The main function : Observe the distribution of data .
Number of applicable data : unlimited .
remarks : In order to better observe the data distribution , You need to set the transparency or color of data points .
Suitable for the scene :
- Display and compare values , Not only can it show trends , It can also display the shape of the data cluster , And the relationship of data points in the data cloud .
Not suitable for the scene :
- Display the proportion of each classification data .
Four . Realization
stay matplotlib Use in scatter Function to realize scatter diagram , The functions are described as follows :
scatter(x, y, s=None, c=None, marker=None, cmap=None, norm=None,vmin=None, vmax=None, alpha=None, linewidths=None, *,edgecolors=None, plotnonfinite=False, data=None, **kwargs)
Parameters 1:x,y: Specify the coordinates of the data scatter .
Parameters 2:s: Numerical type , Specifies the size of the scatter .
Parameters 3:c: Array or class array type , Specifies the color of the scatter .
Parameters 4:marker: Qualified string , Specifies the marker type of the scatter ( The default is :‘o’).
Parameters 5:cmap: Specify the selected colormap.
Parameters 6:norm: Unknown .
Parameters 7、8:min、vmax and norm Used together to normalize data .
Parameters 9:alpha: floating-point , Specifies the transparency of the scatter .
Parameters 10:linewidths: Integer type , Specifies the lineweight of the scatter edge ; If marker by None, Then use verts To construct a scatter marker
Parameters 11:verts: Unknown .
Parameters 12:edgecolors: Array or class array type , Specifies the scatter edge color , Will cycle .
Parameters 13:plotnonfinite: Boolean type , combination set_bad Use , Specifies whether to draw points in an unrestricted way .
Parameters 14:**kwargs: The accepted keyword parameters are passed to Collection example .

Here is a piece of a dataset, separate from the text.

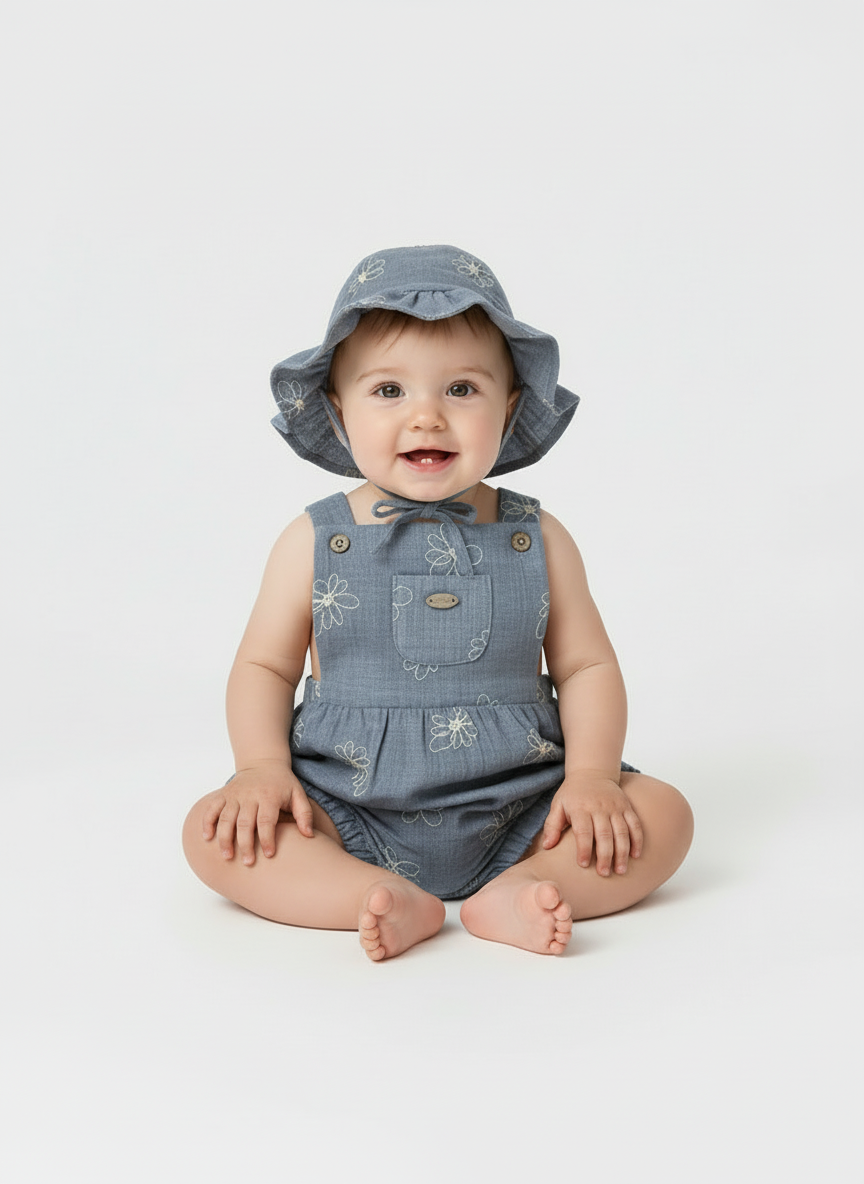 Salopette con cappello neonata Mayoral Newborn jeans ricamato

Return value : The associated PathCollection example .
Use to SOCR-HeightWeight.csv Data sets, for example , The data set records a total of 25000 The height and weight of an object , With height as the horizontal axis , Take weight as the vertical axis , Look at the relationship between two variables , The complete code is as follows :
import matplotlib.pyplot as plt
from sklearn.linear_model import LinearRegression
import numpy as np
import pandas as pd
plt.rcParams['font.sans-serif'] = ['SimHei'] # Settings support Chinese
plt.rcParams['axes.unicode_minus'] = False # Set up - Number
plt.style.use('seaborn-dark-palette')
df = pd.read_csv("SOCR-HeightWeight.csv", index_col=0)

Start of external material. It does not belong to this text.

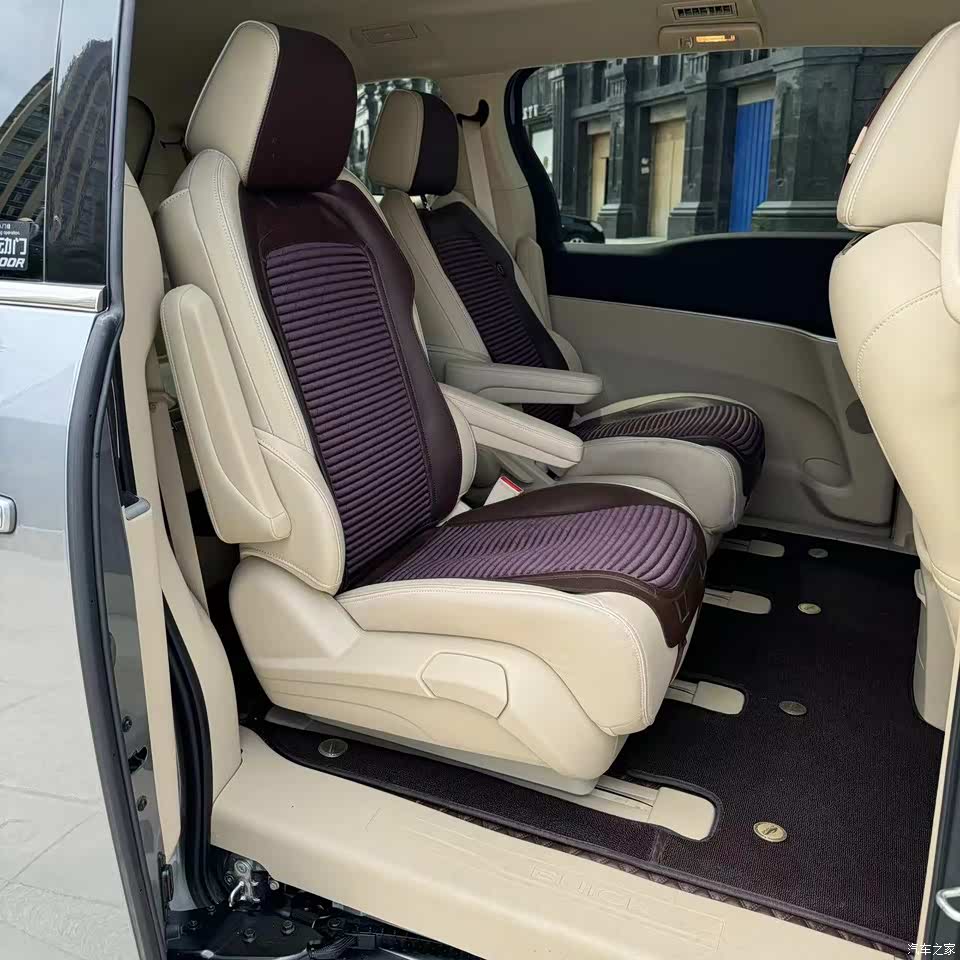 内饰豪华又舒适,是让我最满意的其中之一。内饰颜色具有商务气质又不失家庭温馨感,但是浅色容易脏,自己加了紫色座椅垫,也丰富了内饰的色彩。座椅是真皮和仿皮的,柔软适中,给乘坐者提供了非常高的舒适体验。第二排是独立的两张座椅,造型设计和主副驾驶位差不多,十分尊贵。

height = df["Height(Inches)"].values.reshape(-1, 1)
weight = df["Weight(Pounds)"].values.reshape(-1, 1)
model = LinearRegression()
model.fit(height, weight)
coef = model.coef_[0]
intercept = model.intercept_[0]
height_avg = np.average(height)
weight_avg = np.average(weight)
quadrant1 = df[(df["Height(Inches)"] >= height_avg) & (df["Weight(Pounds)"] >= weight_avg)]
quadrant1_height = quadrant1["Height(Inches)"][:3000]
quadrant1_weight = quadrant1["Weight(Pounds)"][:3000]
plt.scatter(quadrant1_height, quadrant1_weight, alpha=0.3, label=" Scatter plot first quadrant ")
quadrant2 = df[(df["Height(Inches)"] <= height_avg) & (df["Weight(Pounds)"] >= weight_avg)]
quadrant2_height = quadrant2["Height(Inches)"][:3000]
quadrant2_weight = quadrant2["Weight(Pounds)"][:3000]
plt.scatter(quadrant2_height, quadrant2_weight, alpha=0.3, label=" Scatter plot second quadrant ")
quadrant3 = df[(df["Height(Inches)"] <= height_avg) & (df["Weight(Pounds)"] <= weight_avg)]
quadrant3_height = quadrant3["Height(Inches)"][:3000]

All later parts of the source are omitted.